Our previous study demonstrated the HSC70-binding ability of histatins . The study showed that histatin 3 bound to the substrate-binding domain of HSC70 more strongly than histatin 5 and that histatin 4 did not bind to HSC70. Our present findings indicate that the inhibitory effects of histatin 5 on HSC70-stimulated NF-κB-dependent activation and inflammatory cytokine production significantly reduced compared with those of histatin 3 (Figures 2C, 2D, 6C, and 6D). Consequently, the strength of the association between various histatins and HSC70 may be related to the function of the complex.
In addition, it seems very likely that the primary structure of HSC70 is necessary for the function of HSC70 in TLR-mediated processes. Our findings showed that full-length HSC70 and not the HSC70 ATPase fragment, can stimulate TLRs (Figures 1 and 4). In fact, a previous study reported that the substrate-binding domain of HSC70 is required to induce the myocardial inflammatory response . In addition, conformation of HSC70 is also important for its correct functioning. Our findings show that a relatively protease-resistant conformation is formed upon histatin 3 binding to HSC70, but not in the presence of the control peptide, P3a (Figure 8), or DSG (data not shown). These results imply the possibility that there are some effects on conformation of HSC70. In fact, previous studies have reported that the peptide-binding domain of HSC70, as well as the ATPase domain of DnaK (the E. coli homolog of HSC70) is capable of undergoing conformational changes [49–51]. Thus, both the primary structure and other conformations of HSC70 may contribute to the activation of TLR signaling.
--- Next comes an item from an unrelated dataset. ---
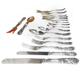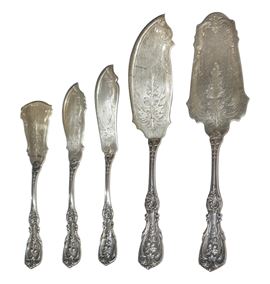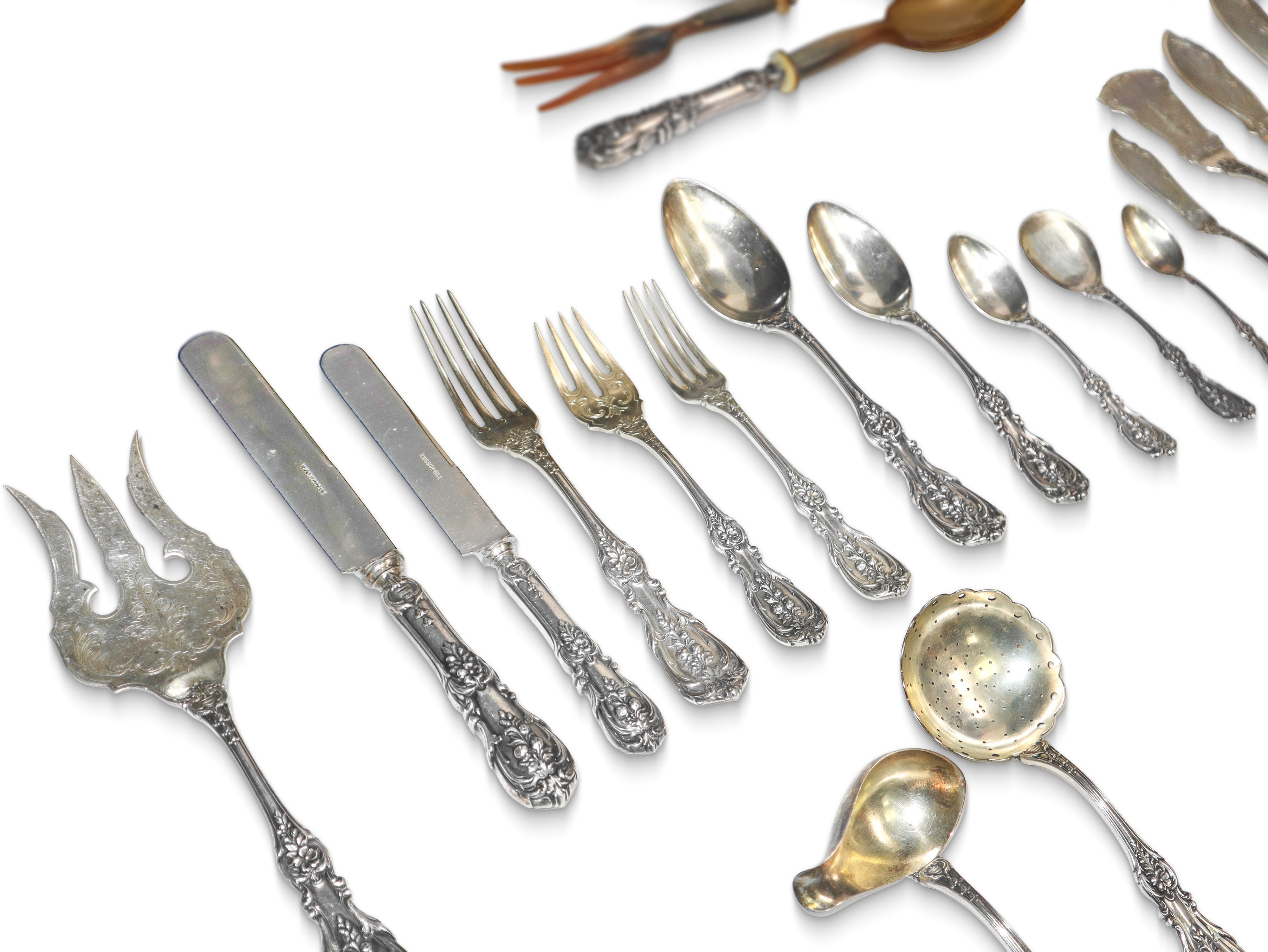 Servizio composto da: 12 forchette (766 gr), 12 forchettine dolce (gr 384), 12 cucchiaini (224 gr.), 24 forchette grandi (2294 gr), 12 cucchiai (1168 gr.), 12 forchette frutta (738 gr.), 12 cucchiaini dolce (714 gr.), 10 cucchiaini da te (332 gr.), 17 posate da portata (1986 gr), 12 coltelli pesce (828 gr.), 12 cucchiaini gelato (366 gr.), 12 coltelli piccoli (362 gr.) 2 posate da insalata (168 gr), coltelli (3584 gr.)

The innate host defense system recognizes foreign substances and tries to decrease their effects. One of the various host defense factors, pulmonary surfactant protein A downregulates the activation of TLR2 signaling by PGN . An inhibitory peptide of TLR signaling, P13, inhibits both in vitro and in vivo LPS-induced inflammatory responses . However, the precise mechanisms of this action have not been clarified. Histatin 3 is a peptide that binds directly to HSC70 and inhibits HSC70-induced TLR2 and TLR4 cell signaling (Figures 2, 6, and 7). Therefore, the results presented here provided the first evidence that histatin 3 is a salivary bioactive molecule. This molecule may prevent early-stage TLR signaling activation by interacting with TLR stimulators (ligands), such as HSC70, a putative ligand found in the oral cells.